[Entries taken from a collection]

════

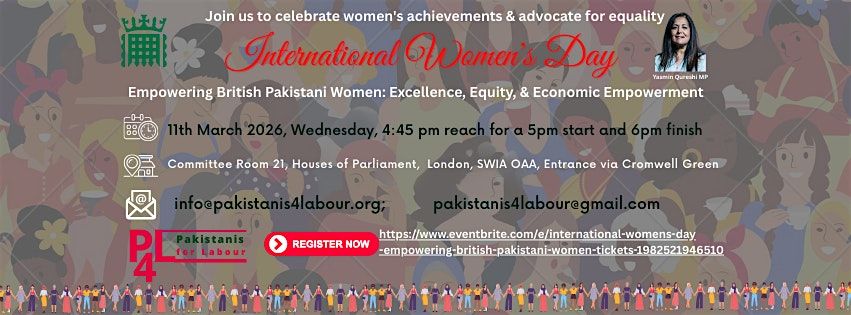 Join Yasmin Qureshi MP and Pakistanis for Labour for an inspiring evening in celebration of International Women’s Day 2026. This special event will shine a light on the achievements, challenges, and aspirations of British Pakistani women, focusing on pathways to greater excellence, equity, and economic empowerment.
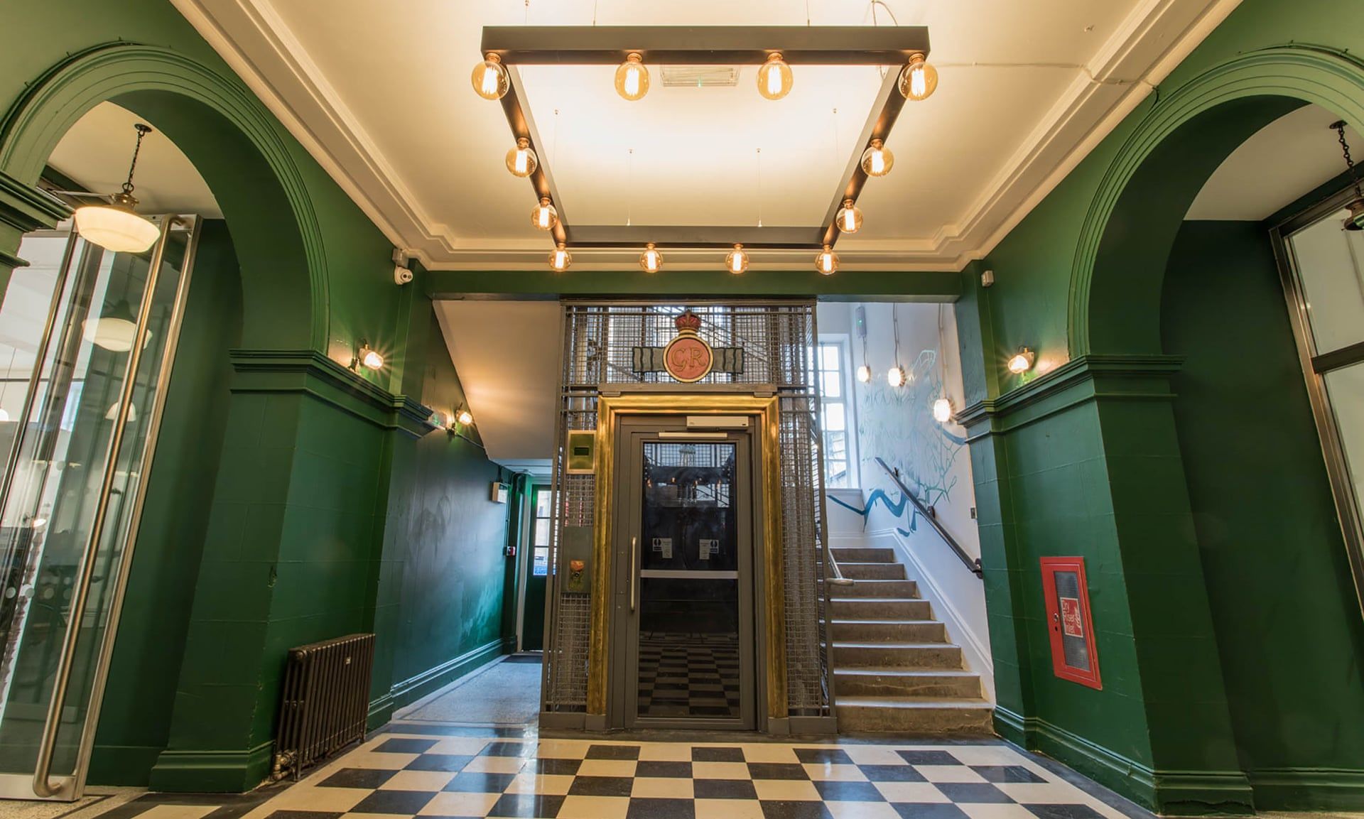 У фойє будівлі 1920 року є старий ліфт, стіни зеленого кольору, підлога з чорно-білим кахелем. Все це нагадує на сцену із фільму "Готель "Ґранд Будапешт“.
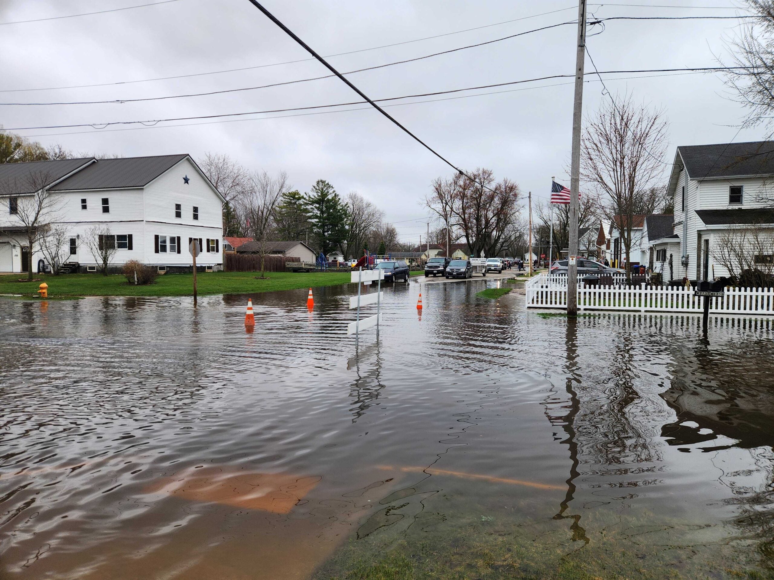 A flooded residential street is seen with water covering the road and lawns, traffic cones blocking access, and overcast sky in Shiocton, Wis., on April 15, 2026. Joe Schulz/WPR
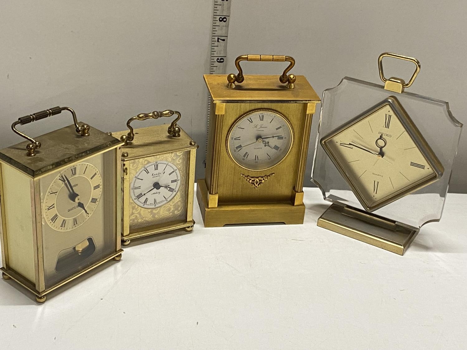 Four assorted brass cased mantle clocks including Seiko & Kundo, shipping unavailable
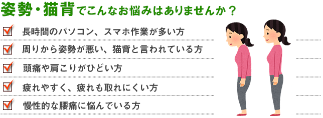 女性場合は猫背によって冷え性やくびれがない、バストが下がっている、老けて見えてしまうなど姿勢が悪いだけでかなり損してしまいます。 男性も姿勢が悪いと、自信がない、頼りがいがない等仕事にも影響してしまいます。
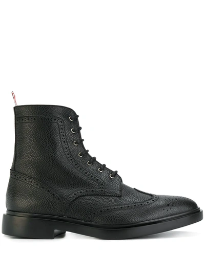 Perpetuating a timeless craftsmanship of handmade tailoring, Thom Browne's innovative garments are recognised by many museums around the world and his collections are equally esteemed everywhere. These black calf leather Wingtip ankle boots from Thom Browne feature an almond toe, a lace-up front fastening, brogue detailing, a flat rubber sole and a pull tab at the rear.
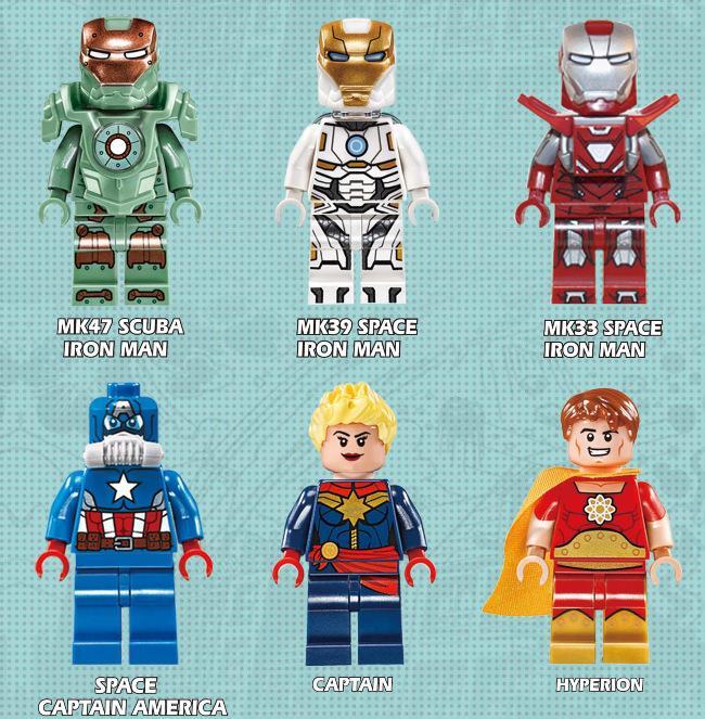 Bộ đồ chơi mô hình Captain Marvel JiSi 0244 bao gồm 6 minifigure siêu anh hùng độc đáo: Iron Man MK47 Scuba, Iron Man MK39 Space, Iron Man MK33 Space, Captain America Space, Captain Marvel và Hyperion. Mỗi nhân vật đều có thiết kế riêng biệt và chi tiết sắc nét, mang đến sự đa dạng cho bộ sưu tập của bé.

════

▸ **What is being asked**
Say again, exactly, only those lines of the records that run from the start through the line with "У фойє будівлі". Pictures are to be skipped.

▸ **Result**
 Join Yasmin Qureshi MP and Pakistanis for Labour for an inspiring evening in celebration of International Women’s Day 2026. This special event will shine a light on the achievements, challenges, and aspirations of British Pakistani women, focusing on pathways to greater excellence, equity, and economic empowerment.
 У фойє будівлі 1920 року є старий ліфт, стіни зеленого кольору, підлога з чорно-білим кахелем. Все це нагадує на сцену із фільму "Готель "Ґранд Будапешт“.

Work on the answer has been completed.